PART TWO OF A TWO PART SERIES
Over the last few decades tax incentives, awards, marketing campaigns, academic research, political figures and dignitaries have been focussed on one ideal - to make philanthropy a societal norm. Yet, there exists a society in the heart of the City where that is already the case.
The City’s Livery Companies, effectively the first trading standards bodies, have philanthropy in their DNA. The guilds were founded on the principle of fellowship and grew from their religious connections.
One of the first charitable tasks undertaken by the early London guilds, whose roots can be traced back to 1066, was to care for members and their families in sickness and old age. Over the centuries the Livery movement has grown to become the powerhouse of philanthropy it is today. Big Society was very much alive in the middle ages.
Though Companies vary hugely in size, wealth and profile, with some having long held endowments and others relying on fundraising, they all have three missions: to promote their trades, to serve their membership and to provide charitable funds for their causes.
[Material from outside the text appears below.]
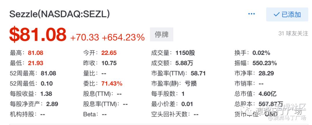 截止今日收盘,Sezzle股价为81.08美元,市值为4.6亿美元。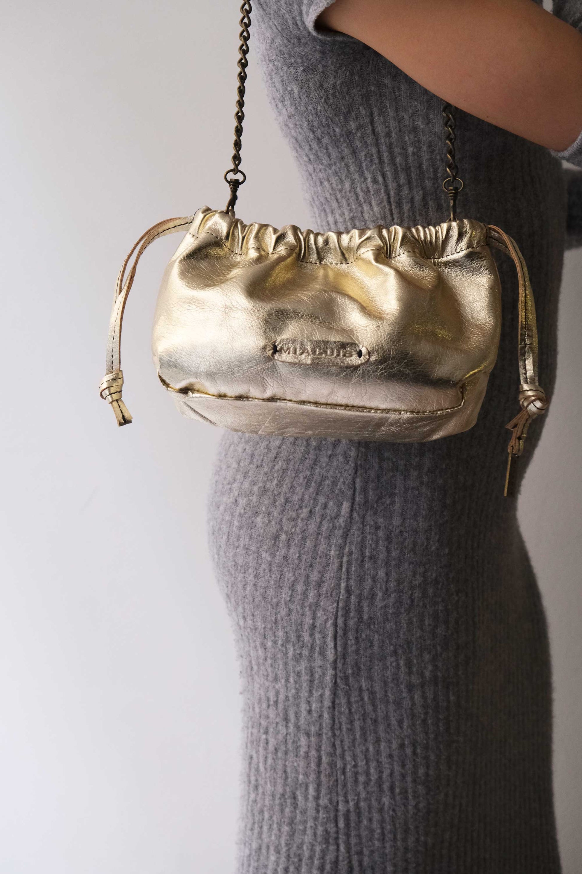 Agnes Mini in gold laminated calf leather – Made in Italy -

Through the ages individual members have emerged as generous philanthropists in their own right. Their often monumental donations, legacies and endowments have laid the foundation of much of the City of London we know today funding schools, colleges, libraries, hospitals, prisons and civic buildings at huge personal expense.
City street names – such as Milk Street, Bread Street, Ironmonger Lane, Poultry, Cloth Fair and Mason's Avenue – mark the sites where it all began.
The best known name in the Livery’s history is Lord Mayor Dick Whittington, immortalised in folk tale and pantomime, a Mercer who died in 1423. Whittington left property worth at the time some £6,000 (the equivalent of many millions today) for alms houses. His legacy is one of the long-lived trusts of The Mercers’ Company that exists today and has a substantial income which provides comfort and dignity for elderly people and others in need.
While the movement can look back to a rich history of giving, today’s 108 Worshipful Companies are committed to continuing that tradition and make a meaningful contribution to education, health, the arts and society in general, in the City, Greater London, nationally and internationally, as a new survey shows.
Almost £42m was donated in 2011 to causes such as education, welfare and relief, the church, the environment and to trade, according to The City of London Corporation’s survey carried out by The Mercers’ Company last year. This is around £1m more than was donated in 2006, the last survey undertaken, and in the light of the recession and challenging economic climate reveals a stoic commitment to its historic obligation to serve others.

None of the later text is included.